BEGIN RECORD EXTRACTS

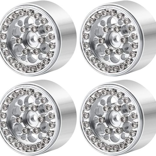 CNszlan 4Pcs CNC Aluminum Beadlock Wheel Rims Set for 124 Axial SCX24 90081 RC Crawler (Silver)
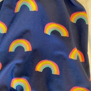 Adorable rainbow swim suit suit is a dark navy blue
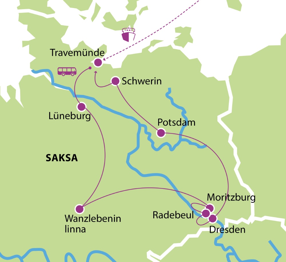 Kohteina Lüneburg, Moritzburg, Radebeul, Dresden, Potsdam ja Schwerin
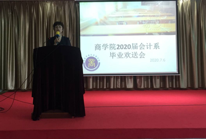 2020/07/07商学院会计系组织召开2020届毕业生欢送会2020年7月6日下午,商学院会计系在东校区综合楼五楼报告厅组织了2020届毕业生欢送会,商学院副院 -
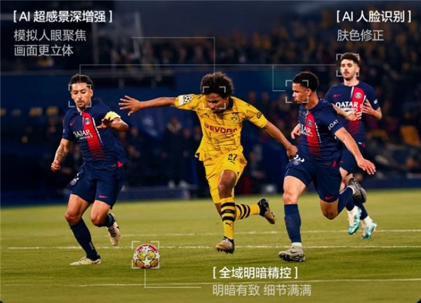 而针对家庭的日常高频使用,它的健康与节能属性同样拉满:功耗实实在在降低了30%,有害蓝光降低了42%。不仅如此,它还是玩家和球迷体验《黑神话:悟空》、观看赛事的完美搭子。当遇到高速运动的足球比赛,AI技术能提供人眼景深追焦,并精准还原赛场草纹;作为“观赛伴侣”,它还能实时识别球星信息并拆解战术。
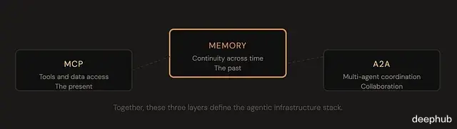 换个角度理解MCP 处理当下,此刻能访问什么;A2A 处理协作,多个 agent 如何协调;记忆处理过去,从前次交互中留下了什么。

END RECORD EXTRACTS

_YOUR INSTRUCTIONS_
Because the pictures are not wanted, retype only the text of every record, exactly as given.

_SOLUTION TO THE EXERCISE_
 CNszlan 4Pcs CNC Aluminum Beadlock Wheel Rims Set for 124 Axial SCX24 90081 RC Crawler (Silver)
 Adorable rainbow swim suit suit is a dark navy blue
 Kohteina Lüneburg, Moritzburg, Radebeul, Dresden, Potsdam ja Schwerin
 2020/07/07商学院会计系组织召开2020届毕业生欢送会2020年7月6日下午,商学院会计系在东校区综合楼五楼报告厅组织了2020届毕业生欢送会,商学院副院 -
 而针对家庭的日常高频使用,它的健康与节能属性同样拉满:功耗实实在在降低了30%,有害蓝光降低了42%。不仅如此,它还是玩家和球迷体验《黑神话:悟空》、观看赛事的完美搭子。当遇到高速运动的足球比赛,AI技术能提供人眼景深追焦,并精准还原赛场草纹;作为“观赛伴侣”,它还能实时识别球星信息并拆解战术。
 换个角度理解MCP 处理当下,此刻能访问什么;A2A 处理协作,多个 agent 如何协调;记忆处理过去,从前次交互中留下了什么。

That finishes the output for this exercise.